ScyllaDB Enterprise customers are encouraged to upgrade to ScyllaDB Enterprise 2022.2, and are welcome to contact our Support Team with questions.

New Features

Alternator TTL

In Scylla 5.0 we introduced Time To Live (TTL) to the Amazon DynamoDB compatible API (Alternator) as an experimental feature. In ScyllaDB Enterprise 2022.2 we promote it to production ready.

As in DynamoDB, Alternator items that are set to expire at a specific time will not disappear precisely at that time but only after some delay. DynamoDB guarantees that the expiration delay will be less than 48 hours (though for small tables, the delay is often much shorter). In Alternator, the expiration delay is configurable - it defaults to 24 hours but can be set with the --alternator-ttl-period-in-seconds configuration option.

More Alternator updates in this release:

Alternator, ScyllaDB’s implementation of the DynamoDB API, now provides the following improvements:

An improvement to BatchGetItem performance by grouping requests to the same partition.#10757

Limit partition access rate

It is now possible to limit read rates and writes rates into a partition with a new WITH per_partition_rate_limit clause for the CREATE TABLE and ALTER TABLE statements. This is useful to prevent hot-partition problems when high rate reads or writes are bogus (for example, arriving from spam bots). #4703

Examples:

Limits are configured separately for reads and writes. Some examples:

ALTER TABLE t WITH per_partition_rate_limit = {

‘max_reads_per_second’: 100,

‘max_writes_per_second’: 200

};

Limit reads only, no limit for writes:

ALTER TABLE t WITH per_partition_rate_limit = {

‘max_reads_per_second’: 200

};

Learn More

Load and stream

This feature extends nodetool refresh to allow loading arbitrary sstables that are not owned by a particular node into the cluster. It loads the sstables from the disk, calculates the data’s owning nodes, and automatically streams the data to the owning nodes. In particular, this is useful when restoring a cluster from a backup to a new cluster with a different number of nodes.

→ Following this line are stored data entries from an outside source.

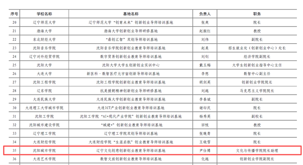 近日,辽宁省教育厅组织开展了2025年辽宁省高校创新创业教育建设项目遴选工作,经专家综合评议,我校成功获批1个创新创业导师培训平台,1个创新创业指导教师团队,3个创新创业特色专业、5门创新创业特色课程以及3门科技成果转化特色培训课程。
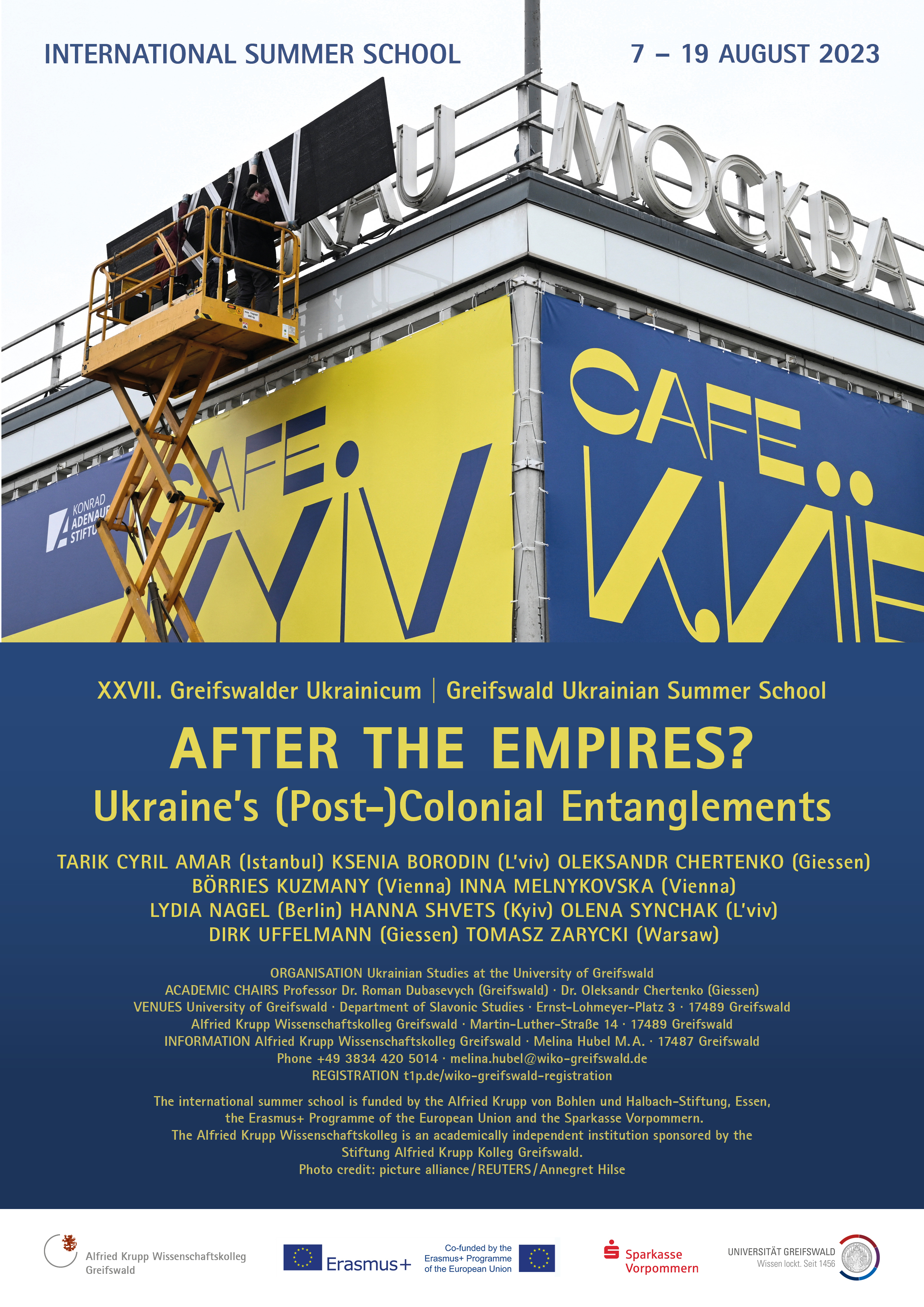 - Die Keynote des Greifswalder Ukrainicums zum Thema „Postkoloniale Perspektiven auf Osteuropa: Ambivalenzen und Vereinfachungen“ hält Prof. Dr. Dirk Uffelmann (Justus-Liebig-Universität Gießen).
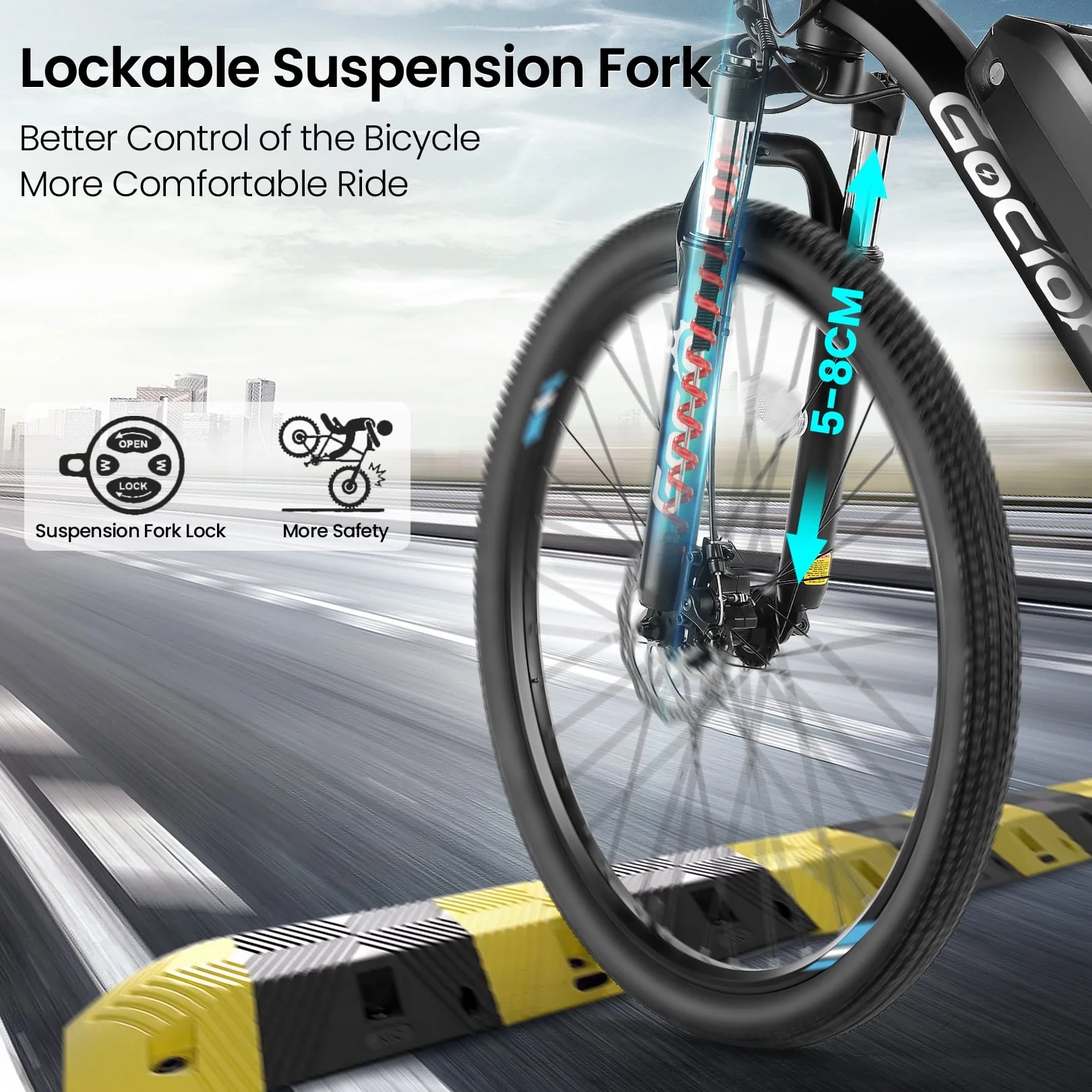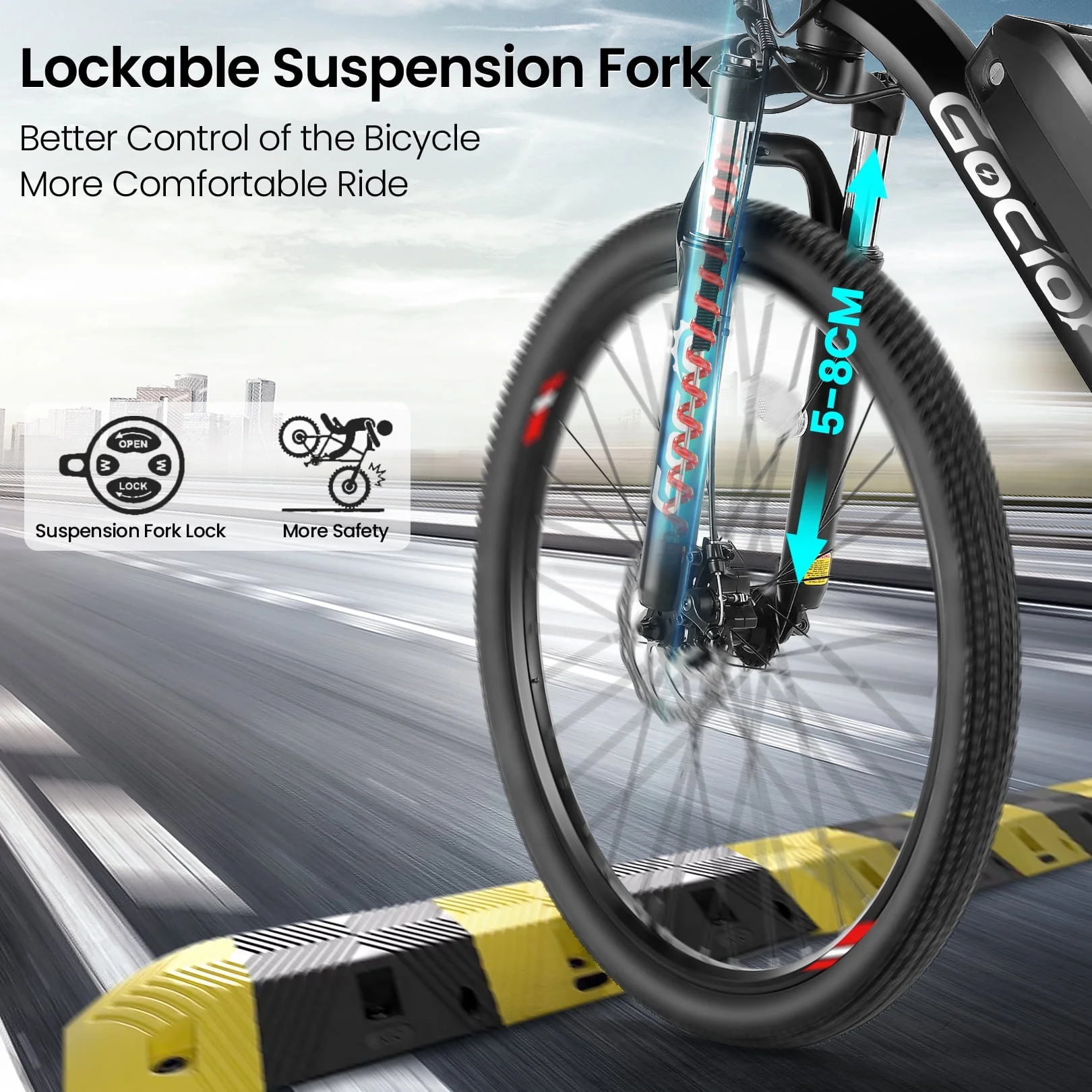 For paved roads or uphill climbs, lock the fork to maximize efficiency. When hitting rough trails, unlock it to absorb shocks and ensure a smooth ride. This electric mountain bike is designed for both speed and comfort.

One can copy the sstables from the old cluster to the new nodes and trigger the load and stream process.

This can make restores and migrations much easier:

  • You can place sstables from any node from the old cluster to any node in the new cluster
  • No need to run nodetool cleanup to remove data that does not belong to the local node after refresh

Load_and_stream option also updates the relevant Materialized Views #9205

curl -X POST "http://{local-ip}:10000/storage_service/sstables/{keyspace}?cf={table}&load_and_stream=true

Note there is an open bug, #282 , for the Nodetool refresh --load-and-stream operation. Until it is fixed, use the REST API above.

Materialized Views: Prune

A new CQL extension PRUNE MATERIALIZED VIEW statement can now be used to remove inconsistent rows from materialized views. A special statement is dedicated for pruning ghost rows from materialized views.

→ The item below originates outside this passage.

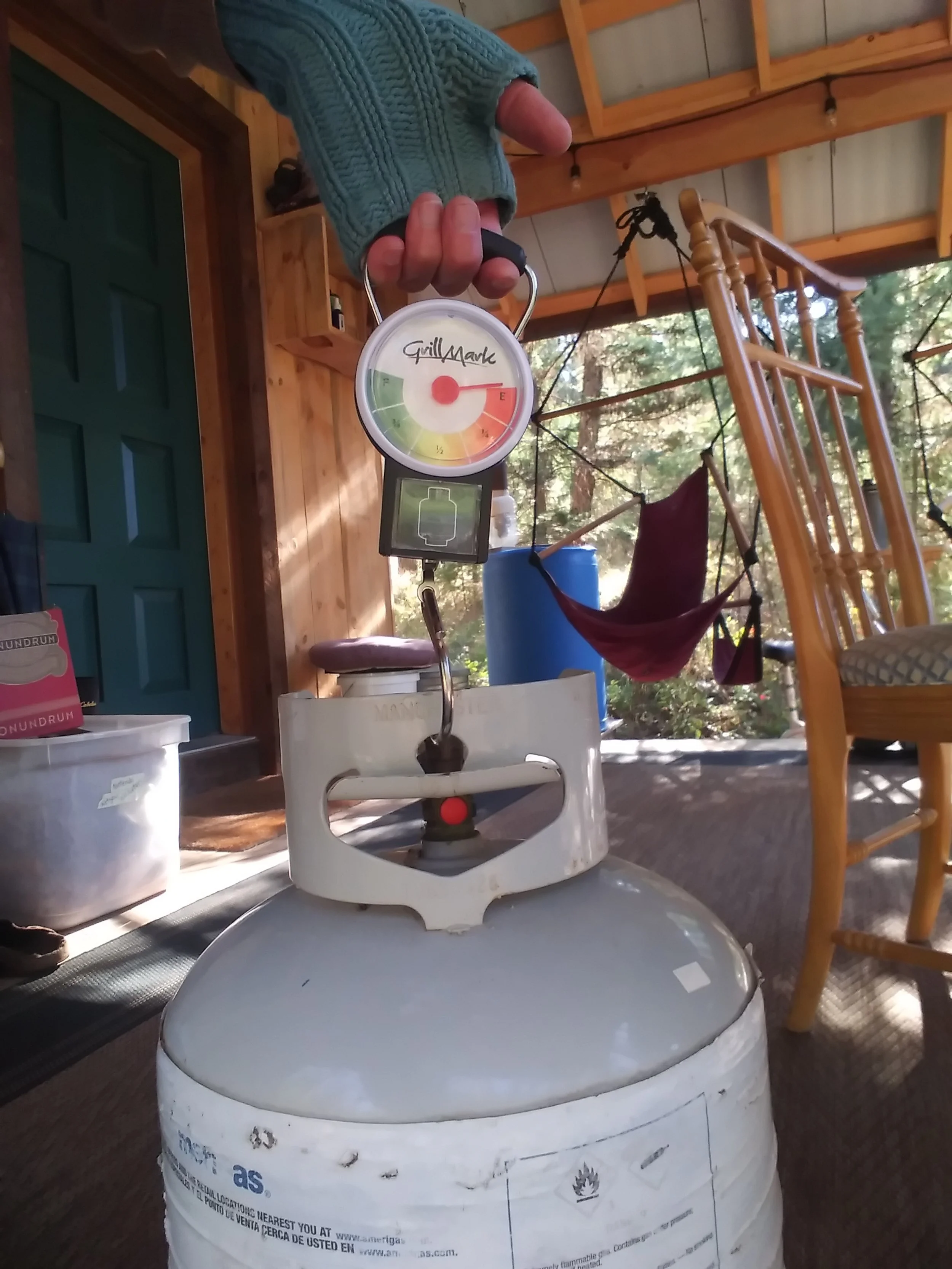 The other day I filled a bunch of smaller 1-lb propane bottles that we use on our cook stove in the cabin from this larger 20-lb tank; this handheld tank scale is such a help, sometimes simple tech is best

A ghost row is an inconsistency issue that manifests itself by having rows in a materialized view which do not correspond to any base table rows. Such inconsistencies should be prevented altogether and ScyllaDB strives to avoid them, but if they happen, this statement can be used to restore a materialized view

to a fully consistent state without rebuilding it from scratch.

Example usages:

PRUNE MATERIALIZED VIEW my_view;

PRUNE MATERIALIZED VIEW my_view WHERE token(v) > 7 AND token(v) < 1535250;

PRUNE MATERIALIZED VIEW my_view WHERE v = 19;

Performance: Eliminate exceptions from the read and write path

When a coordinator times out, it generates an exception which is then caught in a higher layer and converted to a protocol message. Since exceptions are slow, this can make a node that experiences timeouts even slower. To prevent that, the coordinator write path and read path has been converted not to use exceptions for timeout cases, treating them as another kind of result value instead. Further work on the read path and replica reduces the timeout cost, so goodput is preserved while a node is overloaded.

Improvement results below

Deprecated Features

The following features are deprecated and won’t be available in the following Enterprise releases:

  • In-Memory Tables - an enterprise-only feature
  • Thrift API - legacy ScyllaDB (and Apache Cassandra) API. Thrift has been disabled by default since Scylla Enterprise 2022.1.0
  • Compact Storage - a file format used by Thrift and deprecated from Apache Cassandra.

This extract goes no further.